Flux Velociraptor – Velociraptor Attractor EP

Linlithgow instrumental rockers leave you wanting more with their riff-heavy EP, Velociraptor Attractor

Album Review by Pete Wild | 12 Mar 2018
Album title: Velociraptor Attractor EP
Artist: Flux Velociraptor
Label: Self-Released
Release date: 20 Mar

If what you're looking for in your new favourite instrumental rock band is a good hand-off between build-up and energy, Linlithgow three-piece Flux Velociraptor are for you. They can bring the monster riffage without doubt, as you can hear for yourself on EP opener Evolutionists and its immediate neighbour Matter / Antimatter Collision. But they can also do the kind of skewed keyboard straight out of a 70s horror film, colliding with those complicated drum patterns we've all come to expect (and, of course, the monster riffage), that you'll likely catch soundtracking some low budget Rafe Spall-starring gorefest any time soon, in the form of Billy Everyteen.
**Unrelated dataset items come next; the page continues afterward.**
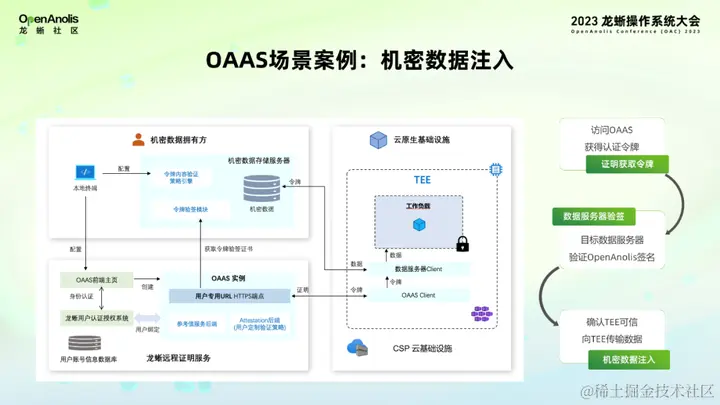 在方案流程上,首先是 TEE 内的 OAAS client 访问 OAAS 实例执行证明获得令牌,然后 TEE 将令牌提供给机密数据存储服务器,存储服务器通过验证令牌,就可以知道这个 TEE 的真实性和安全性是经过 OAAS 验证和担保的,因此可以将机密数据通过加密信道返回给TEE。这就是借助 OAAS 的证明能力实现的安全数据注入。
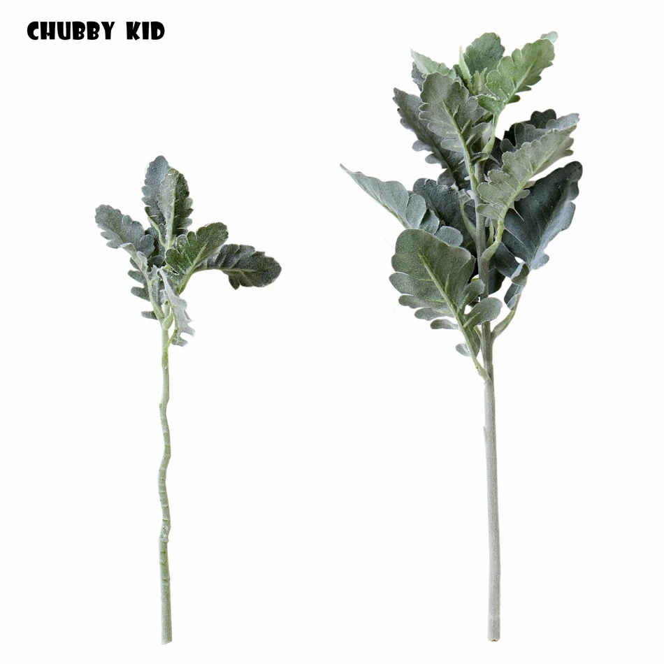 (12 шт.) Высокое моделирование, искусственные растения стекаются senecio цинерария Diy пыльный мельник листья поддельные Василек цинерария оптовая продажа
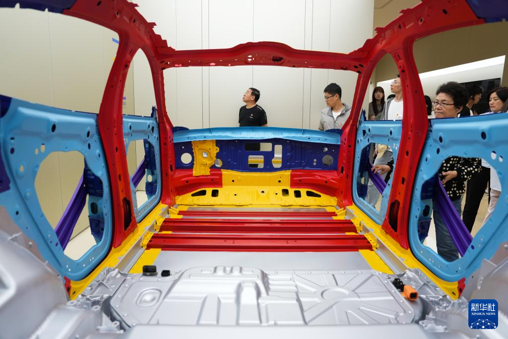 6月16日,參觀(guān)者在北京小米汽車(chē)工廠(chǎng)的科技展廳了解小米汽車(chē)鎧甲籠式鋼鋁混合車(chē)身。新華社記者 鄭煥松 攝

A lot of the credit for their crunchy punching sound has to lay at the door of Gary Clinton who looks after guitar and synths (although full credit for the able support provided by Kenny McCabe on drums and Gary Pycroft on bass), and there are definitely parts of Velociraptor Attractor that function as a showcase for what Clinton can do. This is most evident on They Do Move in Herds which has some ferocious noise twinned with a kind of high-pitched whine that recalls Sabbath-era Ozzy – no mean feat for a vocal-less band.

Tracks like Written by Bono and the Edge show off a keen wit, whilst at the same time veering nicely between that build-up and energy we talked about. And then they finish out, as you'd expect, with their longest track, How to be a Retronaut – which does what all EP-closing tracks should do: leave you wanting more.